= Louis Shannon =

Canadian politician

J. Louis Shannon (died February 16, 1954) was a municipal politician in Toronto, Ontario, Canada who served for multiple years on Toronto City Council and the Toronto Board of Control.

Shannon was raised in Vankleek Hill where his father was the editor of small newspaper. Shannon's father died when he was seven and the family relocated to Toronto where he studied at Oakwood Collegiate Institute. He then went to McMaster University where he studied law. He settled in the Moore Park neighbourhood of the city.
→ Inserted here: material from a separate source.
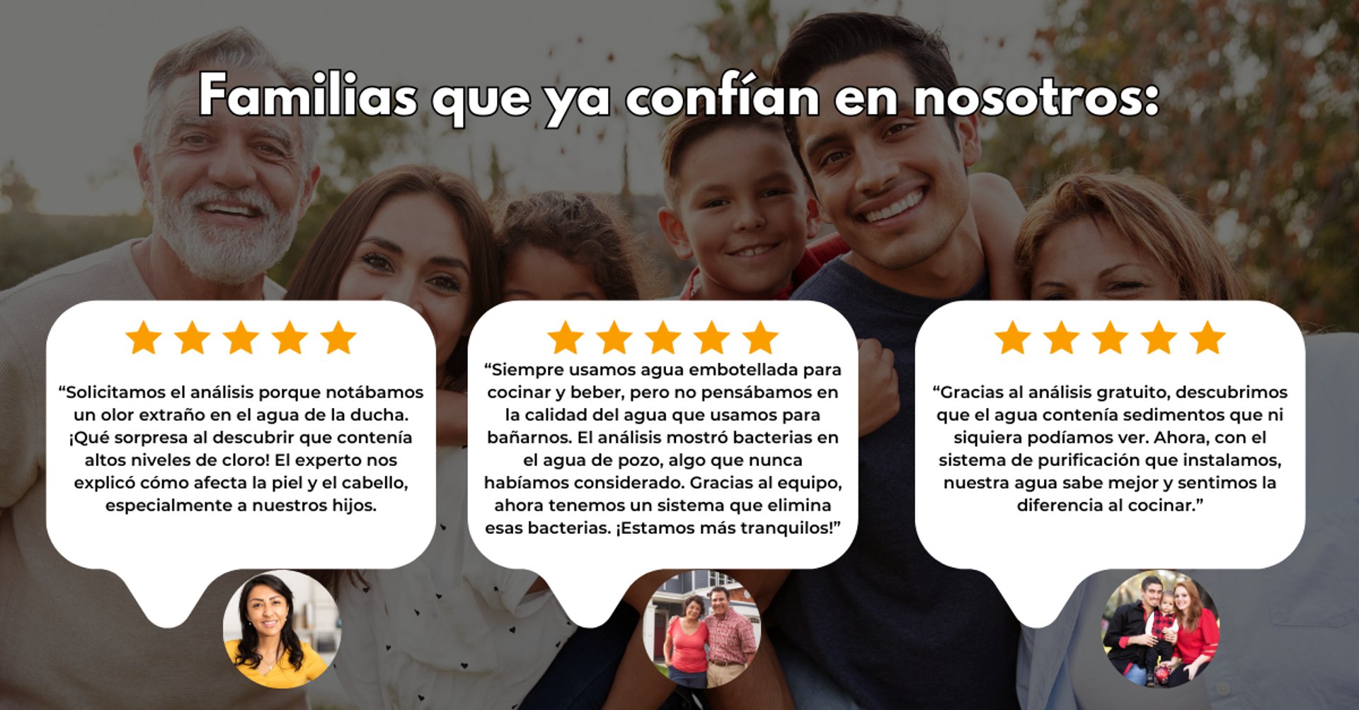 La salud de tu familia y la durabilidad de tus electrodomésticos dependen de la calidad del agua. Nuestros analistas certificados en agua de pozo y de ciudad te ofrecen un análisis GRATUITO para identificar cualquier riesgo oculto. Recibe un informe detallado y las soluciones de filtrado más efectivas para un agua pura, de sabor excepcional y que protege tu inversión. ¡No esperes más, protege lo que más importa! Obtén tu análisis gratuito hoy mismo.

He was elected to Toronto City Council in 1937 representing Ward 2. This ward covered both Shannon's own neighbourhood, and the areas along the Don River, including Cabbagetown that were some of the poorest. Shannon was an active member of the United Church of Canada, and was a strong advocate of Toronto's Blue Laws, such as the ban on playing sports on Sunday. He was also committed to social welfare, and pushed at city council for a number of measures to alleviate poverty. These included child care for working mothers and health clinics in the poorer neighbourhoods. He was also one of the foremost proponents of the Regent Park urban renewal scheme that saw much of Cabbagetown replaced by subsidized housing.

He was an active Liberal, and served as campaign manager for fellow Liberal Allan Lamport. In 1940 he unsuccessfully ran for Parliament in the riding of Rosedale, but lost to Harry Jackman in the traditionally Tory riding.

In February 1954 Shannon suffered a heart attack and died ten days later at age 56.